━━━━━ Material provided

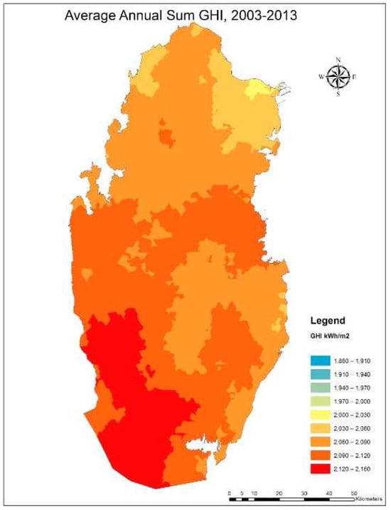 - Bachour, D.; Perez-Astudillo, D. Ground-measurement GHI Map for Qatar. Energy Procedia 2014, 49, 2297–2302. [Google Scholar] [CrossRef][Green Version]
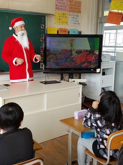ナイジェル先生がサンタクロースに扮して、オーストラリアのクリスマスについてお話をしてくださいました。画面はクリスマスランチ!チキンにデザート、フルーツ・・  「あ!スイカ!Watermelon!」オーストラリアのクリスマスは夏の季節と聞いてびっくりしていた4年生でした。
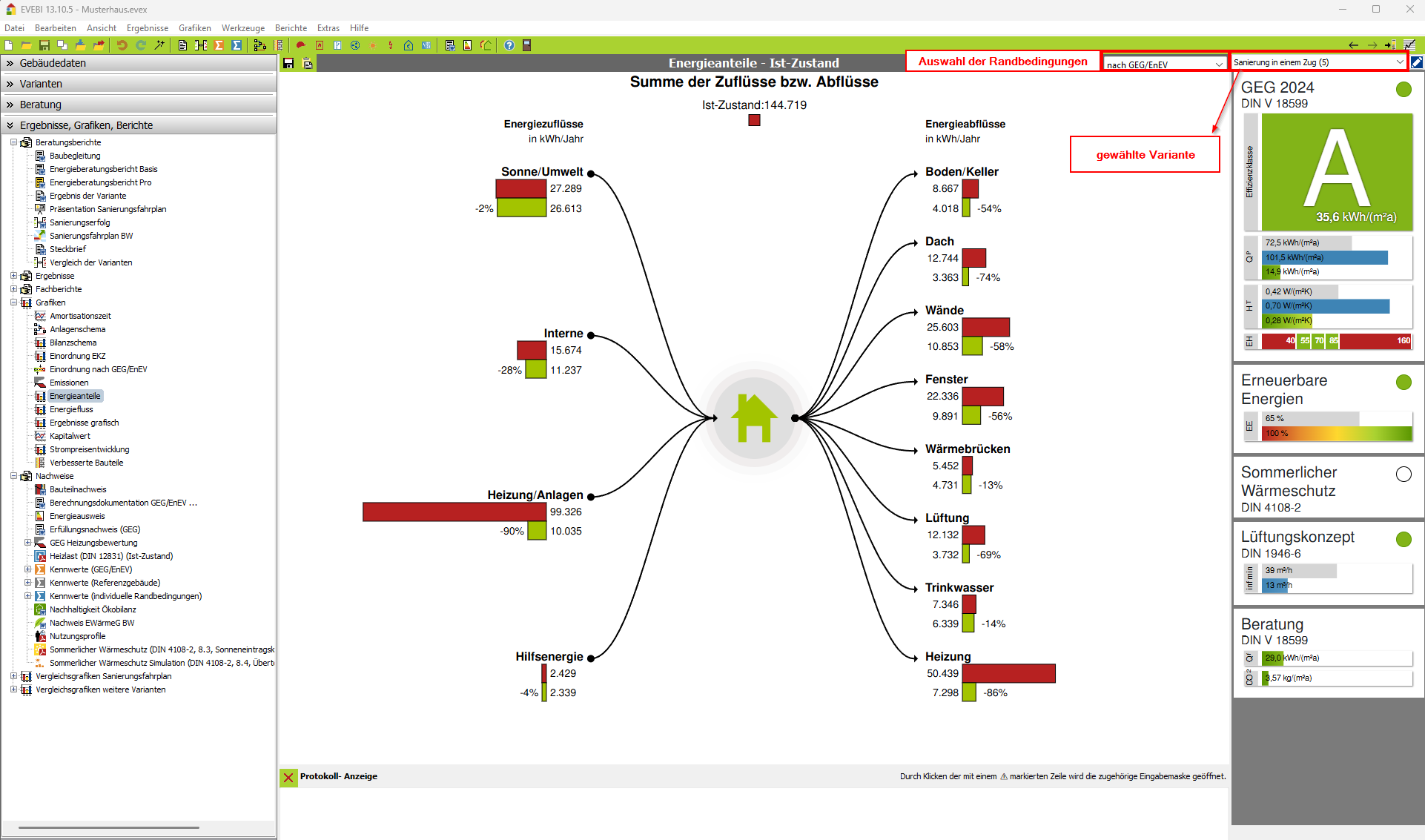 Diese Grafik dient auch zu Vergleichen mit Varianten. Die Grafik zeigt dann die Energiezu- und Energieabflüsse der aktuellen Variante im Vergleich mit dem Ist-Zustand. Hier kann auf einen Blick die Energieersparnis der Variante gegenüber dem Ist-Zustand gesehen werden. Dazu werden die Energieanteile für die Transmissionen durch die Decke, Außenwände, Fenster und Keller sowie Verluste durch Lüftung, Warmwasser und Heizung. Zusätzlich wird die Energieersparnis angezeigt.
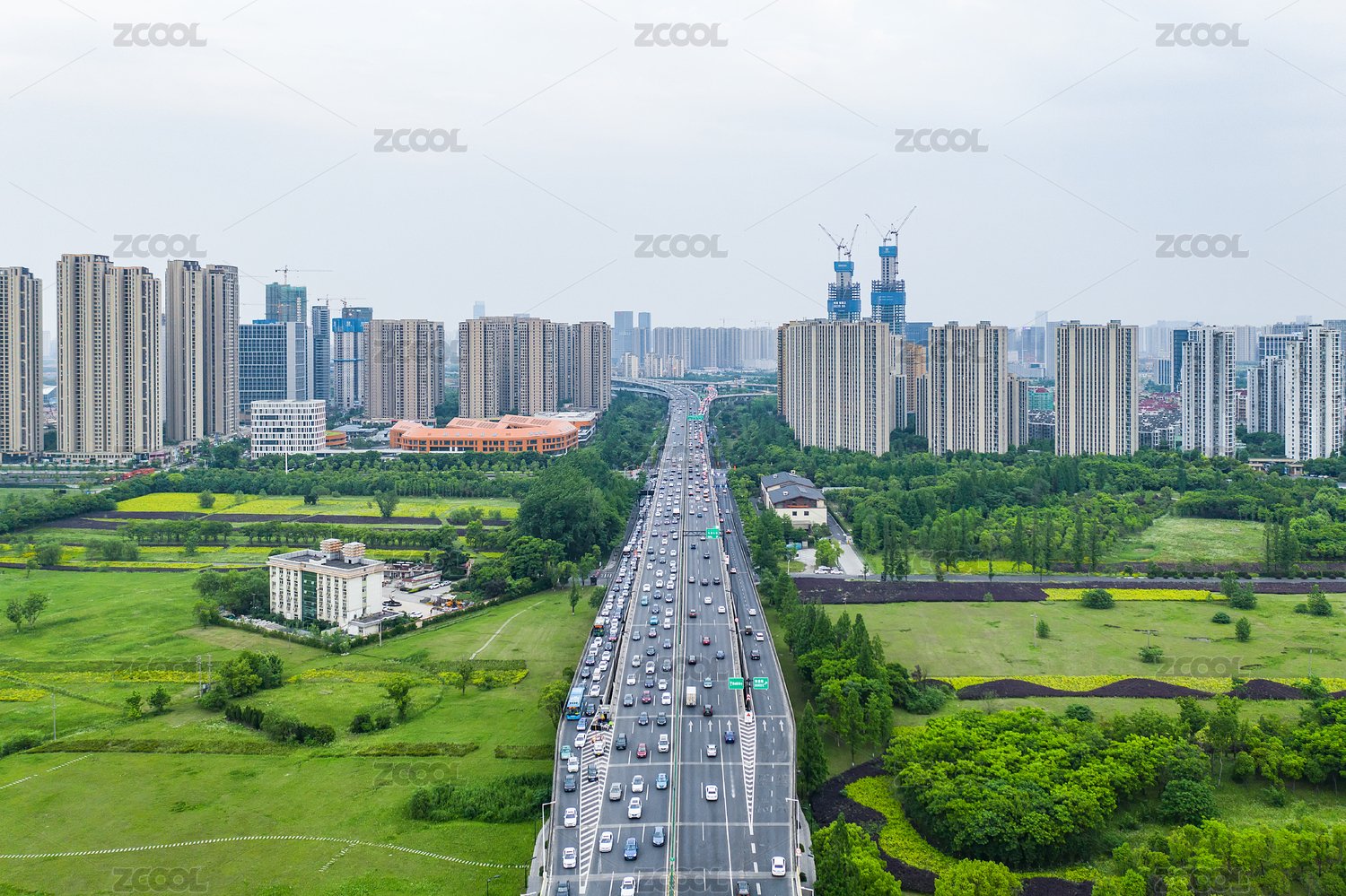 中国浙江杭州滨江区秋石高架路奥体板块绿化草坪

━━━━━━━━━━

Reproduce the data above without a single change, please, but without its pictures.

# Reply
 - Bachour, D.; Perez-Astudillo, D. Ground-measurement GHI Map for Qatar. Energy Procedia 2014, 49, 2297–2302. [Google Scholar] [CrossRef][Green Version]
ナイジェル先生がサンタクロースに扮して、オーストラリアのクリスマスについてお話をしてくださいました。画面はクリスマスランチ!チキンにデザート、フルーツ・・  「あ!スイカ!Watermelon!」オーストラリアのクリスマスは夏の季節と聞いてびっくりしていた4年生でした。
 Diese Grafik dient auch zu Vergleichen mit Varianten. Die Grafik zeigt dann die Energiezu- und Energieabflüsse der aktuellen Variante im Vergleich mit dem Ist-Zustand. Hier kann auf einen Blick die Energieersparnis der Variante gegenüber dem Ist-Zustand gesehen werden. Dazu werden die Energieanteile für die Transmissionen durch die Decke, Außenwände, Fenster und Keller sowie Verluste durch Lüftung, Warmwasser und Heizung. Zusätzlich wird die Energieersparnis angezeigt.
 中国浙江杭州滨江区秋石高架路奥体板块绿化草坪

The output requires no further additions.